At the hearing, Shulkin said his top priority remains curbing veterans suicides. He also said there is adequate funding to keep the Choice program, which allows veterans to opt for community care, in operation through the rest of this year while Congress and the VA work out permanent fixes.

He said the budget would also allow him to hire 605 more personnel to work on cutting down the appeals backlogs.

Roe and Walz said they expect to hold more hearings on the possibility of expanding the caregivers program, in which family members receive small stipends to care for seriously disabled veterans. "I do see a pathway forward where we can do this this year," Roe said.

Most committee members complied with Roe's admonition to keep the hearing focused on the budget, but Rep. Mark Takano, D-California, said he was "profoundly frustrated" by the alleged wrongdoing in the report, although he acknowledged Shulkin's "dedication to the mission of this department."

In a Tweet on Wednesday, Coffman said that Shulkin, the only holdover in the Cabinet from the Obama administration, "must resign now," adding that President Donald Trump "ran on accountability. It starts here."

On Wednesday, Roe and Walz joined Sens. Johnny Isakson, R-Georgia, and Jon Tester, D-Montana, the chairman and ranking member of the Senate Veterans Affairs Committee, in expressing their concerns over the IG's report.

"We believe that public officials must be held to a higher standard, and whether intentional or not, misusing taxpayer dollars is unacceptable," the joint statement said.

In his defense, Shulkin said the trip last July, which cost a total of at least $122,334, was primarily devoted to official business. "I do I believe this was essential travel," he said.

The trip included a London Summit with allies on veterans issues including post-traumatic stress and suicides, he said, and "if the U.S. does not participate, that ends."

However, the IG's report stated that the 11-day trip involved nine whole days in Europe, and little more than three of the nine days were devoted to official business.

The report described a "significant amount of personal time" that was mixed in during the trip with the meetings on veterans matters in Copenhagen and London.

The personal time for Shulkin and his wife Dr. Merle Bari, a dermatologist in private practice; three VA executives; and a security detail of six included numerous side trips, sightseeing tours, private dinners and tickets to the Wimbledon tennis women's finals won by Garbine Muguruza over Venus Williams.

In Denmark, the personal activities included "touring Amalienborg Palace for the Changing of the Guard; visiting Christiansborg Palace, Rosenborg Castle, and Frederiksborg Castle; taking a boat tour of Copenhagen from the Nyhavn Canal; and shopping in Copenhagen," the report said.

"There was also an unplanned excursion across the border to Malmo, Sweden, for dinner," the report said.

In London, the personal activities included excursions to the Churchill War Rooms, Buckingham Palace, Kensington Palace, and Westminster Abbey; a Thames River cruise; and visits to St.
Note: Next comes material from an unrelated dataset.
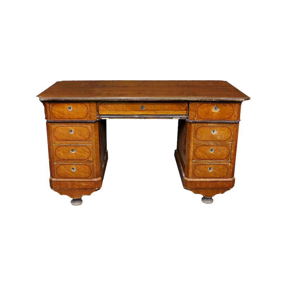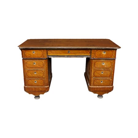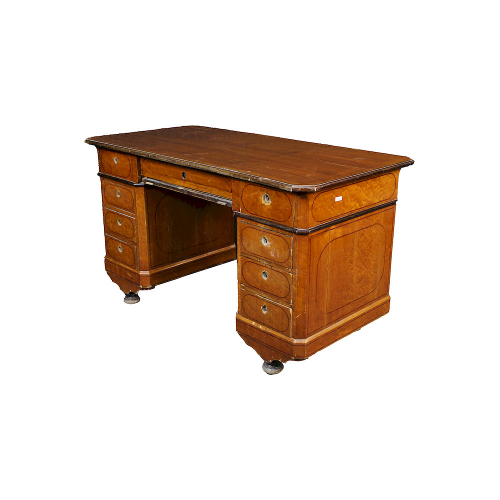 SCRIVANIA A SCAGNO CARLO X in legno di acero perfilata in Bois de rose e piano in noce a 8 cassetti nei laterali e 1 cassetto grande nella parte superiore Sicilia XIX secolo h cm 81 x 141 x 71
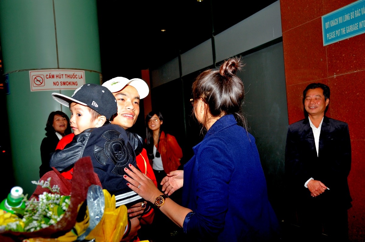 | Bé "Mốc" vừa tròn 2 tuổi rất kháu khỉnh khi vội sà vào vòng tay bố Phạm Quốc Khánh. |

Paul's Cathedral, Tower of London (including the Ceremony of the Keys), the Tower Bridge, Shakespeare's Globe, London Eye, and Windsor Castle.

In addition, a VA aide "effectively acted as a personal travel concierge" to Shulkin and his wife to plan and arrange their personal itineraries during the trip, the IG's report said.

The aide made "extensive use of official time" to make the arrangements, the report said, and "this was time that should have been spent conducting official VA business and not providing personal travel concierge services to Secretary Shulkin and his wife."